Ivan Zashcherinsky, an employee at Sheremetyevo Airport witnessed the aircraft during its final minutes stating:I was walking to work behind the parking lots, perpendicular to the spot where the plane crashed. The Yak-40 caught my attention because it was taking off steeply. A red and yellow flame was erupting from the left engine exhaust. The plane was climbing. Two seconds later, it suddenly began to bank smoothly to the left. It seemed to be making a left turn toward the terminal building. The plane hit the ground with its left wing, then its nose. Then there was a kerosene explosion, but practically nothing burned; only black clouds of smoke hung over the wreckage for a long time, as there was practically no wind.

== Investigation ==
=== Initial theories ===
It was initially predicted that the aircraft crashed due to a terrorist attack onboard, as the flight included several high-profile passengers. Prior to the flight, it was found that Ziya Bazhayev and Artyom Borovik had been threatened with death threats. This theory was ruled out since there was no evidence of an inflight fire or an act of sabotage or a terrorist attack onboard prior to impact. It was also hypothesized that the aircraft crashed due to loss of control caused by wake turbulence from a Boeing 767 which took off before the flight, but this theory was also refuted.

=== Conclusion ===
The Interstate Aviation Committee (IAC) of Moscow opened an investigation into the accident.

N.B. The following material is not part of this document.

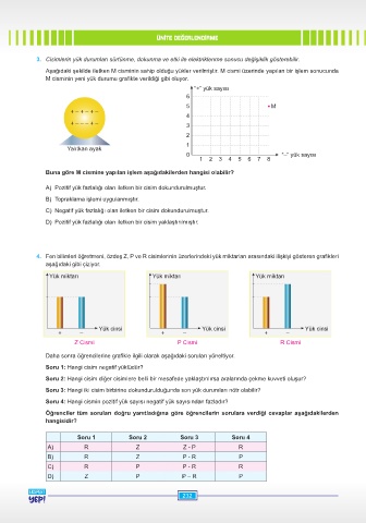 4. Fen bilimleri öğretmeni, özdeş Z, P ve R cisimlerinin üzerlerindeki yük miktarları arasındaki ilişkiyi gösteren grafikleri
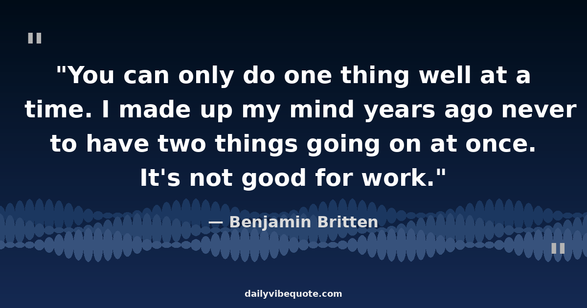 "You can only do one thing well at a time. I made up my mind years ago never to have two things going on at once. It's not good for work."

It was found that the pilots failed to set the required flap configuration for takeoff (the flaps were set at 11 degrees instead of the required 20 degrees for takeoff) and the failure to deice the aircraft prior to takeoff. The aircraft was only superficially cleaned of loose snow prior to departure. The flames purportedly observed by eyewitnesses spewing from the back of the engine were actually engine surges from the engine backfiring due to a lack of airflow. The excess weight from the accumulated ice on the aircraft's wings combined with the low thrust produced by the surging engine prevented the aircraft from gaining lift and subsequently resulted in impact with the ground. In addition, the flight was hastily and poorly prepared, with the crew rushing to depart, which may have caused them to skip steps during the configuration of the aircraft.

== Controversies ==
Shortly after the accident occurred, Novaya Gazeta raised concern about the crash being rigged by the authorities. Ziya and Artyom has some impact related to the Chechnya freedom of speech. Especially, Artyom was known to favour Vladimir Putin. An independent investigation was made due to the disbelief in the probable cause - human factor.

In an interview, Veronika Borovik-Khilchevskaya, Artem's widow and colleague stated, "We believe that the possibility of conducting an online and, hopefully, competent investigation will accelerate the process of revealing the truth about events that are significant to us all."